Ambientato molti anni dopo la prima epopea greca, Kratos si trova ora a combattere nella mitologia norrena, tra Asgard e Midgard, vichinghi e draghi.. e accompagnato da Atreus, un misterioso figlio.
Storia ancora avvolta nella totale segretezza, solo nel gioco scopriremo cosa è successo a Kratos in tutti questi anni, come è finito in questo nuovo mondo e qual è la sua nuova missione.

Gameplay rivoluzionato con telecamera dietro le spalle "one shot" in piano sequenza, senza stacchi in più delle 30 ore di gioco promesse dagli sviluppatori, qualche elemento RPG e tanta esplorazione.
Tante novità ma secondo le preview tutti i punti caratteristici della saga sono rimasti intatti, dalla brutalità dei combattimenti all'epica colonna sonora, per non parlare delle ambientazioni evocative e i classici boss epici.

Recensioni attese giovedì, 12 aprile.
Disponibile retail nei negozi e digitale sul PS Store, il 20 aprile.

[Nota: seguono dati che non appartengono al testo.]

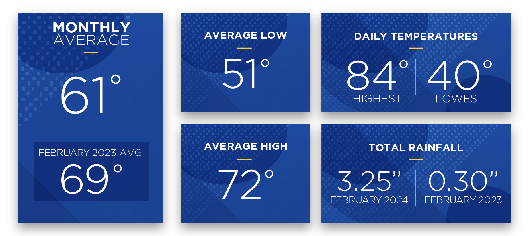 February recorded its highest temperature of 84 degrees on the 11th and the lowest daily recorded temperature occurred on the 22nd, when the mercury bottomed out at 40 degrees.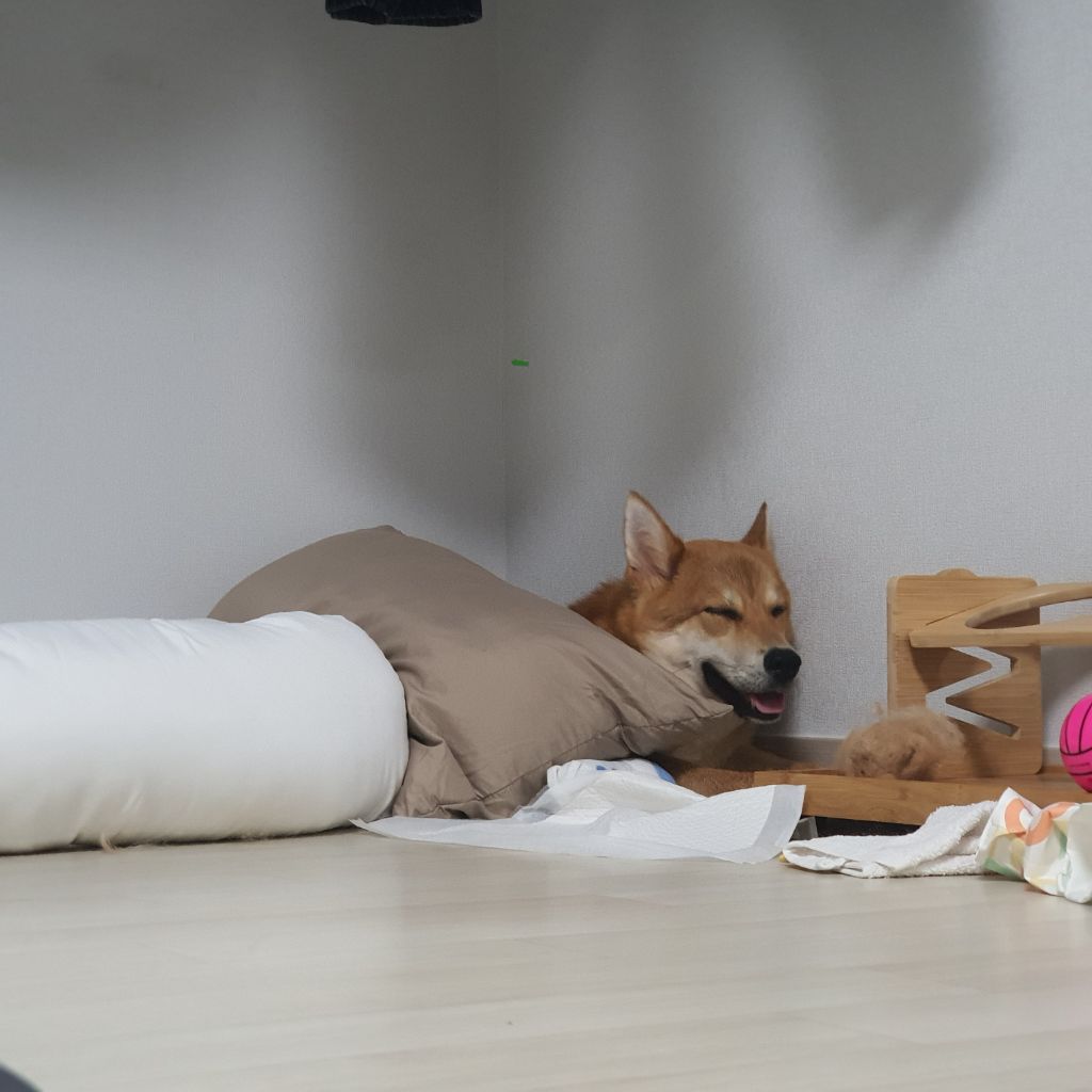 오늘하루 많이 스트레스를 받았는지 결국 구석에 다시 들어가서 혼자 헥헥대고 있고.. 단테에게 미안하네요 고맙네요..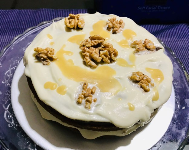 Time for a nice cake – Sticky Date and Walnut Cake – obviously with whole wheat flour and cane sugar, and eggless too. This time, I topped the cake with caramel whipped cream. With my home-made caramel, I could limit the sugar in the frosting.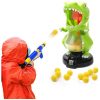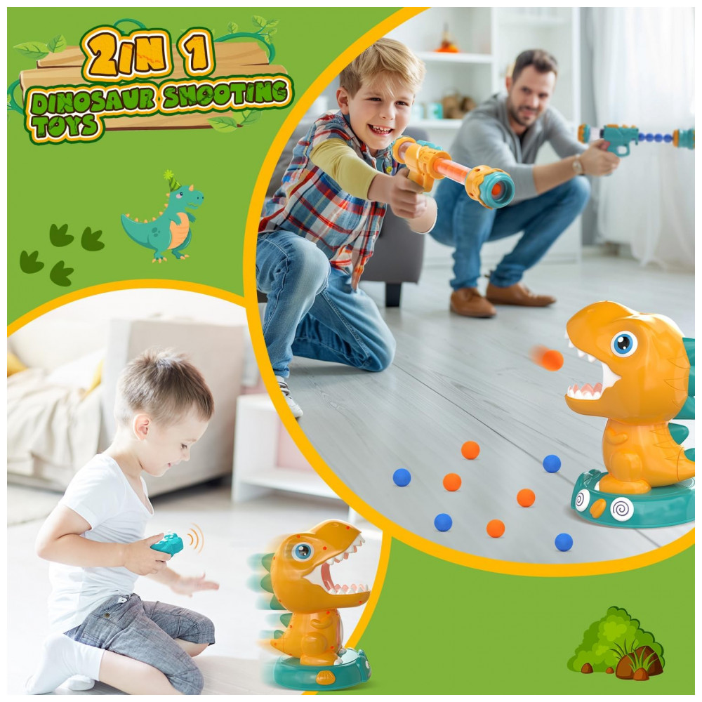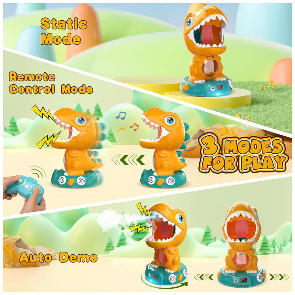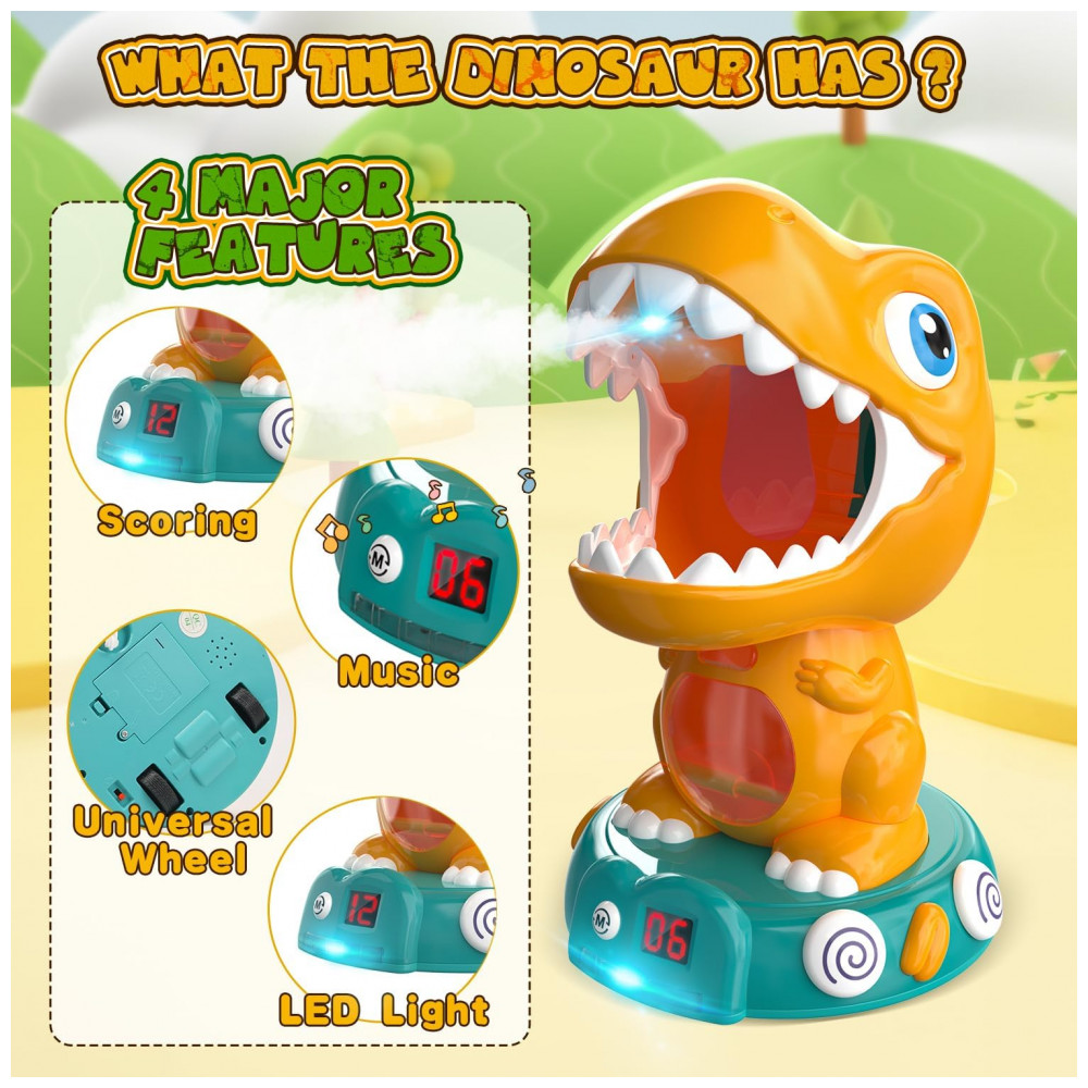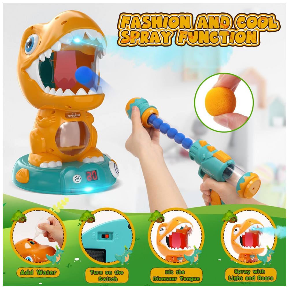 Este dinossauro vem equipado com um placar eletrônico em LED que registra automaticamente os acertos, emitindo sons de celebração a cada 5 pontos, aumentando a emoção durante o jogo. Além disso, possui uma função de névoa a vapor: ao adicionar algumas gotas de água no reservatório superior, o brinquedo solta fumaça e luzes ao receber um disparo na boca, proporcionando uma experiência ainda mais realista, como se estivesse no mundo dos dinossauros.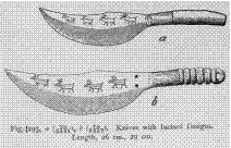 Fig. 193. Knives with Incised Designs. Length, 26 cm., 29 cm. |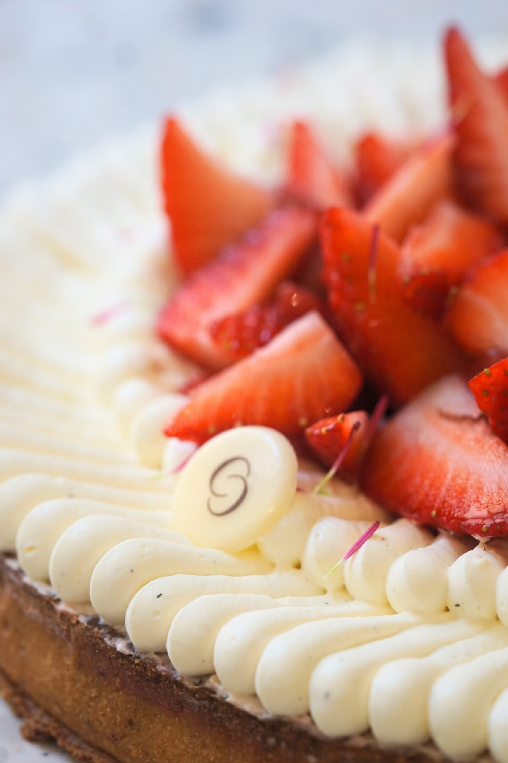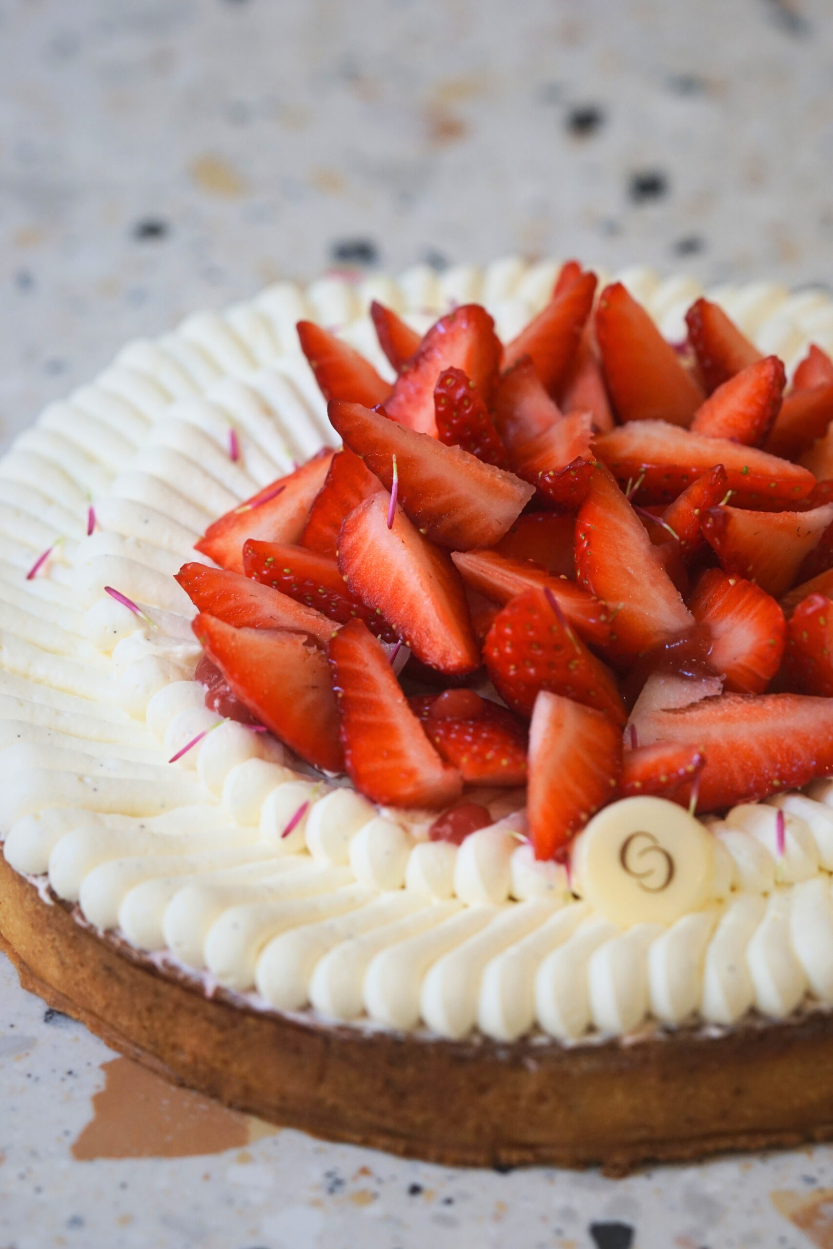Cette tarte est une création alliant fraicheur et gourmandise. Elle est composée d’une pâte sucrée croustillante aux amandes, d’une crème d’amande, et d’un confit de fraise. Sur le dessus, un suprême vanille, aérien et onctueux, accompagne les fraises fraiches. De quoi se régaler!

Video nei post successivi.


----------



## Toby rosso nero (7 Aprile 2018)




----------



## Toby rosso nero (8 Aprile 2018)




----------



## Stanis La Rochelle (8 Aprile 2018)

Sto gioco pare la perfezione totale tra gameplay e grafica. Gli scenari sembrano qualcosa di super. Il serpente è qualcosa di allucinante. 
Il bello è che ho letto che durerà circa una trentina di ore tipo. Praticamente il triplo dei predecessori, mi chiedo se avrà lo stesso ritmo. Se riescono a fare 30 ore di gioco con il ritmo di Gow 3 c'è da farsi un mare di 

Potevano essere più coraggiosi comunque, io avrei tolto kratos e avrei messo un altro protagonista e usato questo gioco come un nuovo franchise proprio. Invece di GoW, una roba tipo "Asgard", metterci un protagonista norreno invece di kratos e fare lo stesso identico gioco. Capisco però che così il richiamo possa essere inferiore per il pubblico medio


----------



## Toby rosso nero (12 Aprile 2018)

Voti COLOSSALI dalle recensioni.


----------



## Jackdvmilan (12 Aprile 2018)

Giocone! Non vedo l'ora di prenderlo


----------



## Toby rosso nero (20 Aprile 2018)

Il mio gioco più atteso da 6 anni e ho preso la Limited online su Unieuro... e infatti non me la spediscono!


----------



## Stanis La Rochelle (20 Aprile 2018)

Toby rosso nero ha scritto:


> Il mio gioco più atteso da 6 anni e ho preso la Limited online su Unieuro... e infatti non me la spediscono!



Quando ci giochi mi fai qualche spoiler sulla trama? Voglio sapere un po' sta cosa del figlioletto e di come sono finiti in un'ambientazione nordica. Vorrei capire che spiegazione hanno dato


----------



## admin (20 Aprile 2018)

Mi sta venendo voglia di prendere una PS4. Quanto ho amato i capitoli precedenti...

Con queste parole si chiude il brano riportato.